Post elezioni, Marmo: «Una sconfitta che segna, una sconfitta che insegna»

«Avremmo potuto fare di più? Probabilmente sì, magari con una campagna elettorale più lunga»

A pochi giorni dalla Caporetto del centro destra e civiche ad Andria interviene il candidato sindaco Nino Marmo a compiere una analisi su quello che è accaduto e soprattutto sui perchè.

«Una sconfitta che segna, una sconfitta che insegna. Questa è la storia di un bivio: avrei potuto svoltare comodamente per una direzione, assecondando i diktat e gli appetiti di neo-padani di ventura (o di sventura?), e percorrere in tutta scioltezza una strada comoda e veloce da cui avrei tratto sicuramente un forte tornaconto personale.
Oppure imboccare la direzione opposta, una carreggiata rurale ripida e sconnessa, piena di buche e di ostacoli, ma da percorrere in gioiosa compagnia, senza lacci e legami partitici, in piena libertà, in pace con la coscienza, senza rimorsi o rimpianti di sorta.
Come sapete ho scelto, serenamente e consapevolmente, senza tentennamenti (e con la risolutezza che ha da sempre accompagnato la mia lunga militanza politica, e che qualcuno amichevolmente mi rimprovera) la seconda opzione. Una decisione che anche ora, ad urne aperte e a schede contate, non rinnego: nel senso che, dovessi o potessi tornare indietro, rifarei sempre ed inesorabilmente la stessa scelta.
Per Andria, la mia città, e per gli Andriesi, i miei concittadini.
La mia coalizione, fatta di donne e uomini senza sigle, si ferma dunque al 17% dei consensi. Un risultato importante per un raggruppamento civico costruito in tutta fretta, che ha cercato e intercettato un voto trasversale molto "di opinione" e assai poco "politico".
Avremmo potuto fare di più? Probabilmente sì, magari con una campagna elettorale più lunga (e collocata in una stagione senza ferragosto e covid 19) avremmo potuto alzare l'asticella ben oltre il 20%.

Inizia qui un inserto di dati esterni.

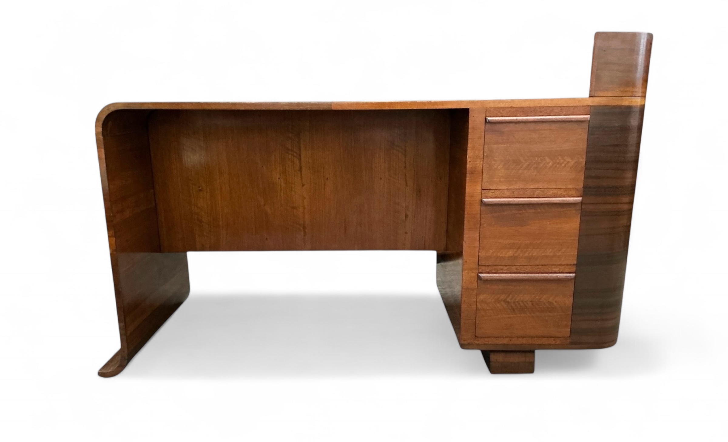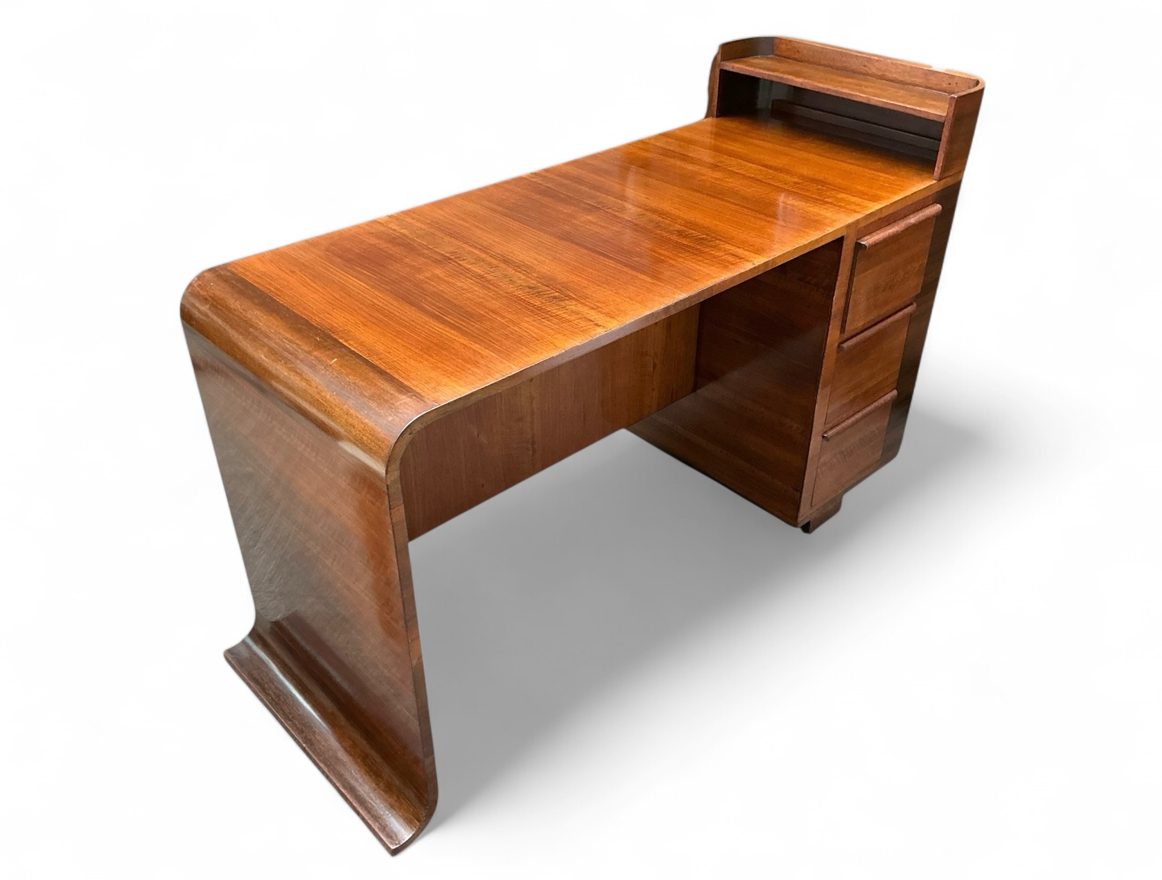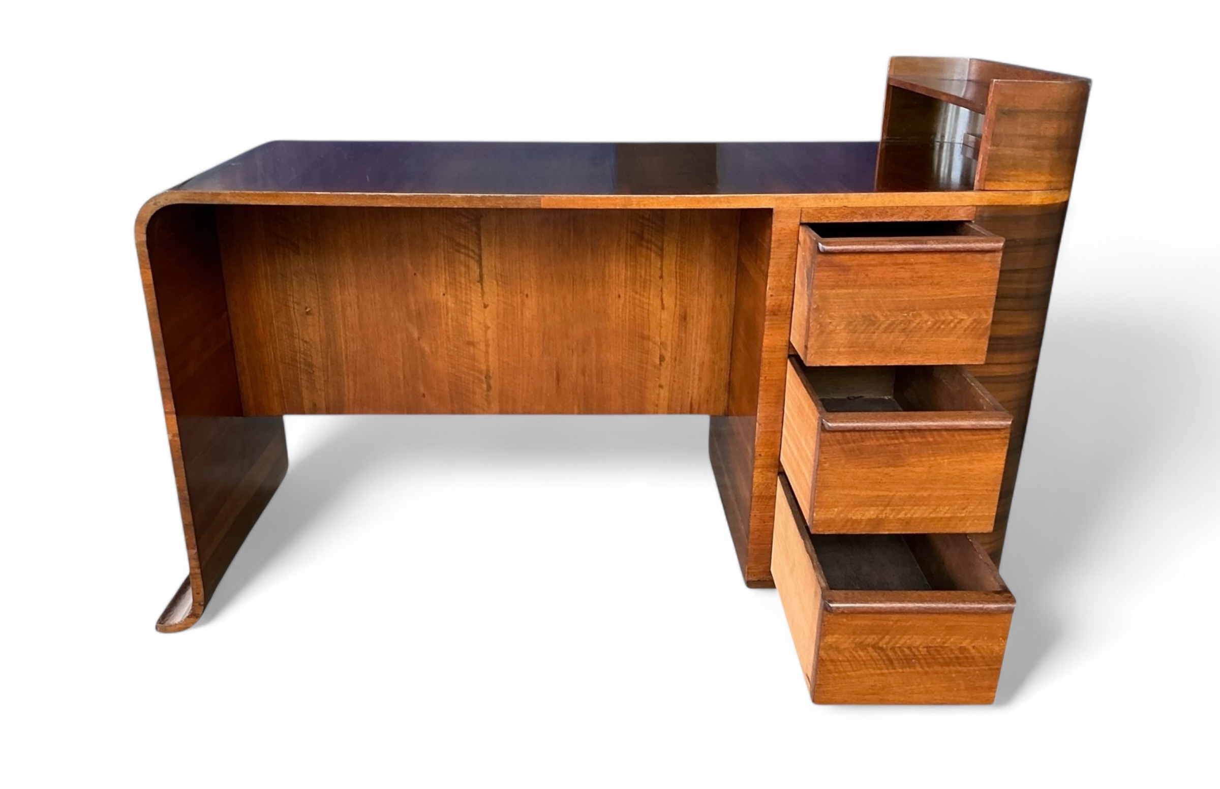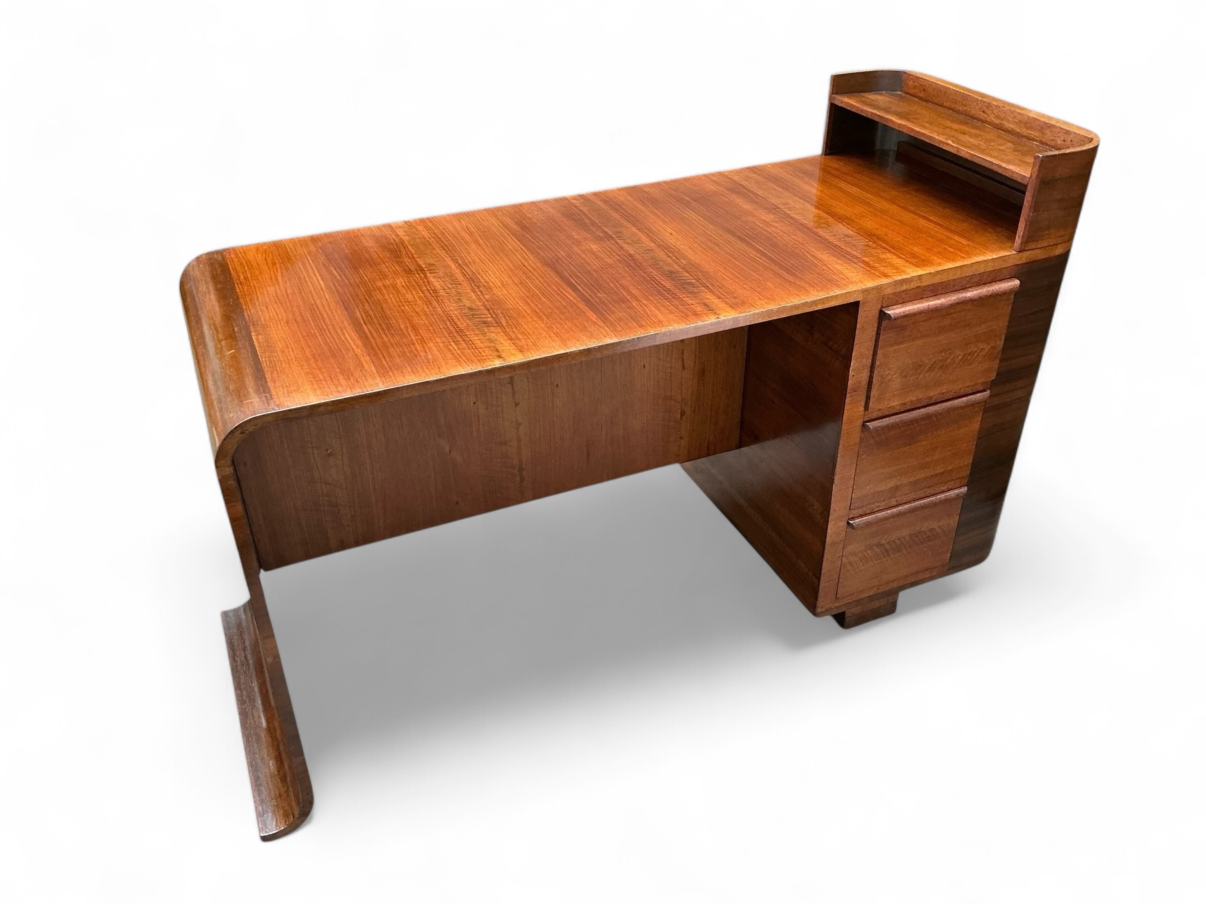 Art Deco desk in walnut with three drawers to the front and an open shelf to the desk top. To the curved side, a cupboard with three shelves and to the back a further cupboard and two open shelves, ideal for books or display. Attractive curved detail to the foot of one side and a curved side to the other.

Ma queste sono attenuanti che lasciano il tempo che trovano. Niente alibi, allora. Prendo atto della sconfitta -prosegue Nino Marmo- come a suo tempo ho preso atto delle mie numerose vittorie. All'interno della coalizione ci sarà di certo una riflessione con l'intento, unico, di migliorarsi. Ma niente processi o polemiche. La responsabilità del risultato finale è tutta in capo al sottoscritto, cui non resta ora che abbracciare, uno per uno, tutti i candidati delle cinque liste concorrenti e ringraziare, ancora una volta uno per uno, tutti gli ottomila andriesi che ci hanno gratificato del loro consenso libero e consapevole.
Ai due candidati al ballottaggio, Giovanna Bruno e Michele Coratella, vanno i miei complimenti per questo primo traguardo raggiunto. Ad Antonio Scamarcio ed ai partiti del centro destra locale mi permetto solo di rammentare, caso mai ce ne fosse ancora bisogno, il principio per cui "i territori e le comunità sono sovrani e non vassalli", oltre alla regola aurea per cui "in Politica nulla si improvvisa".
A Laura Di Pilato, poi, va il mio apprezzamento per la caparbietà e l'ostinazione, tutta femminile, con cui ha rincorso un obiettivo numericamente impossibile.
Ma è ai giovani che intendo rivolgere il mio pensiero conclusivo: ci sono battaglie, nella politica come nella vita, che vanno affrontate e combattute senza risparmio o timore. Prima o poi arriva il momento in cui occorre prendere una posizione netta che magari non è né sicura, né conveniente, né popolare. Eppure bisogna prenderla, semplicemente perché è...GIUSTA! Viva Andria», conclude Nino Marmo.